Items from a dataset:
________

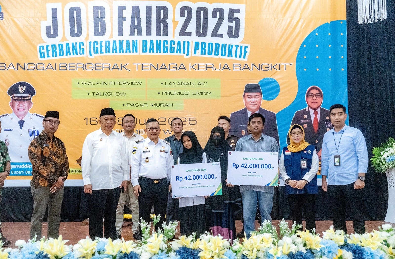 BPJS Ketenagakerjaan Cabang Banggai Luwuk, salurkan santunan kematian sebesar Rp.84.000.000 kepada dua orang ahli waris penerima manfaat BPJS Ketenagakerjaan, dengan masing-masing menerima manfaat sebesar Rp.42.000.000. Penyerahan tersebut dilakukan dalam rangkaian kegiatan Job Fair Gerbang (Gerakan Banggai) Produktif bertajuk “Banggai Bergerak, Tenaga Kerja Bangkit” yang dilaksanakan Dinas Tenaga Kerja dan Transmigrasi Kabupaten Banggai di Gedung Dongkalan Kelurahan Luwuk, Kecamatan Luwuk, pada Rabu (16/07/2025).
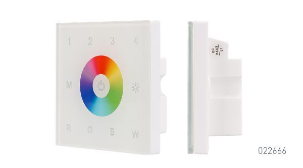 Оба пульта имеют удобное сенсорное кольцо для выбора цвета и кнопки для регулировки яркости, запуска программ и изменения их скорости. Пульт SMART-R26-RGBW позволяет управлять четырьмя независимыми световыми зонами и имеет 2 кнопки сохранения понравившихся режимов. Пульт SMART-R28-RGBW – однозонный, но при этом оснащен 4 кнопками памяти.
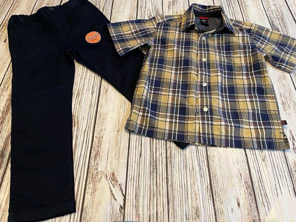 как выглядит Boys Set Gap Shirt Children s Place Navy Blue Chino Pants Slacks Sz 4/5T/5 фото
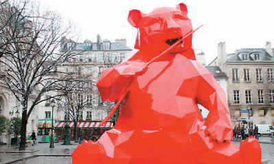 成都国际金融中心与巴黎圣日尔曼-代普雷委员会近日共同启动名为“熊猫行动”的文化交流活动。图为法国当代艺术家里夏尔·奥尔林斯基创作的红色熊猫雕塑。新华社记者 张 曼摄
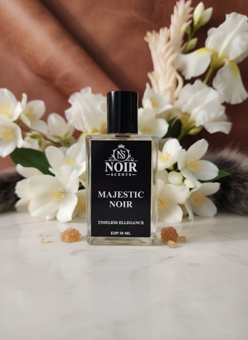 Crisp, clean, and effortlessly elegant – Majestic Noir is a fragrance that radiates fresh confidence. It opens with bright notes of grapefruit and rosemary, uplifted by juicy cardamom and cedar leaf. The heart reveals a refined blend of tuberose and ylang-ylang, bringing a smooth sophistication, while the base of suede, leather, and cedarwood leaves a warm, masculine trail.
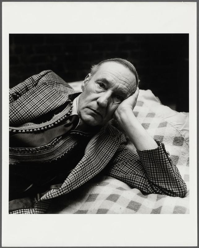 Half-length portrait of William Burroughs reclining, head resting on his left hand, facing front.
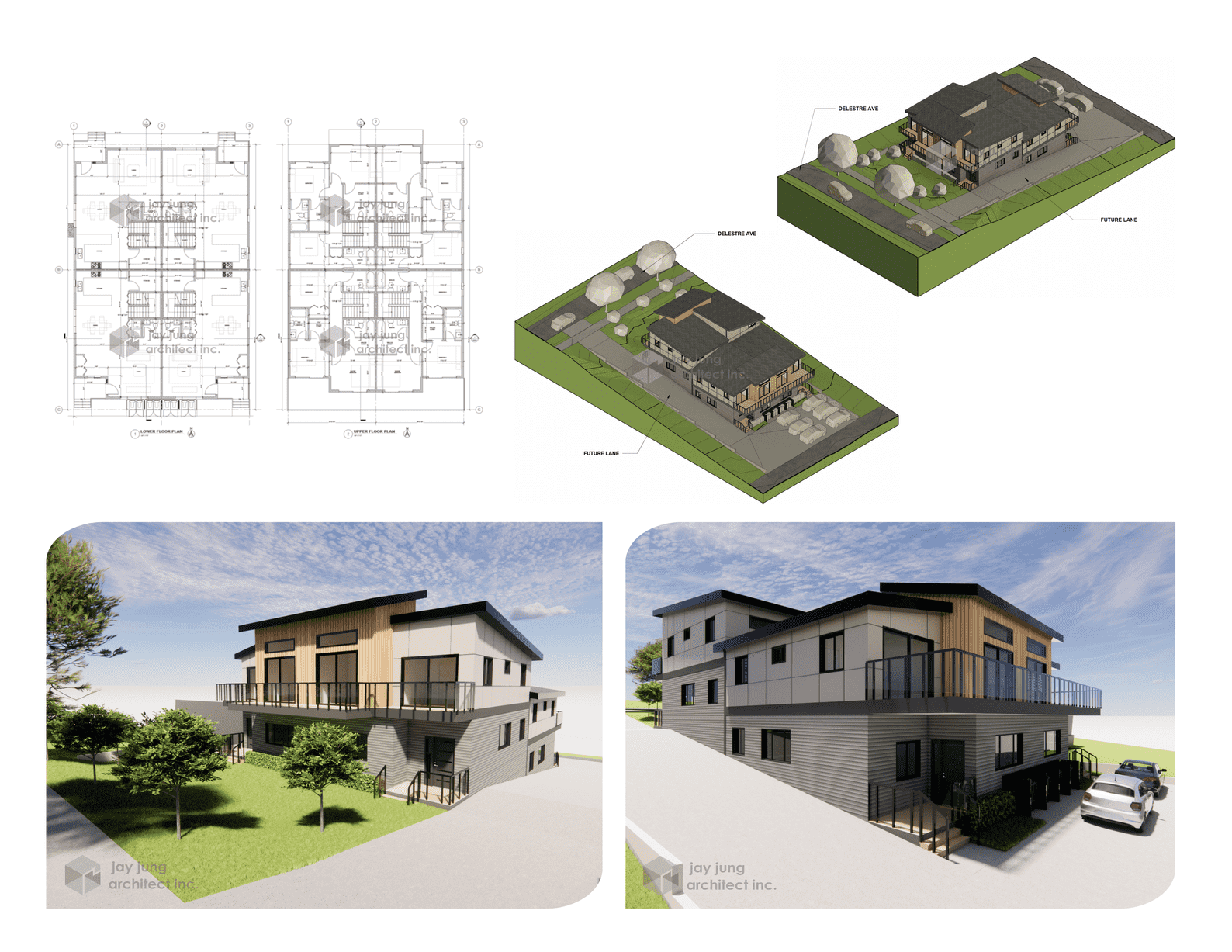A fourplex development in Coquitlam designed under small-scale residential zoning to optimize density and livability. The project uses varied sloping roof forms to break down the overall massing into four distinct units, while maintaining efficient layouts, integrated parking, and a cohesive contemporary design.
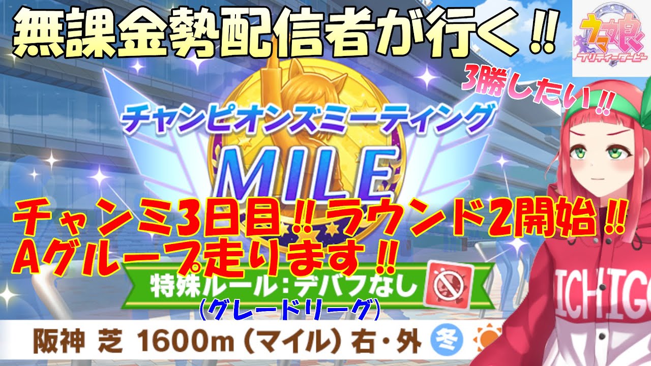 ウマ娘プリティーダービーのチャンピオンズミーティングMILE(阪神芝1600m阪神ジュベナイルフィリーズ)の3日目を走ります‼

________

Your objective:
Print the lines from the line with "Crisp, clean, and" to the end of the data above. Include both ends, exclude the pictures, and add nothing else.

Result below:
 Crisp, clean, and effortlessly elegant – Majestic Noir is a fragrance that radiates fresh confidence. It opens with bright notes of grapefruit and rosemary, uplifted by juicy cardamom and cedar leaf. The heart reveals a refined blend of tuberose and ylang-ylang, bringing a smooth sophistication, while the base of suede, leather, and cedarwood leaves a warm, masculine trail.
 Half-length portrait of William Burroughs reclining, head resting on his left hand, facing front.
A fourplex development in Coquitlam designed under small-scale residential zoning to optimize density and livability. The project uses varied sloping roof forms to break down the overall massing into four distinct units, while maintaining efficient layouts, integrated parking, and a cohesive contemporary design.
 ウマ娘プリティーダービーのチャンピオンズミーティングMILE(阪神芝1600m阪神ジュベナイルフィリーズ)の3日目を走ります‼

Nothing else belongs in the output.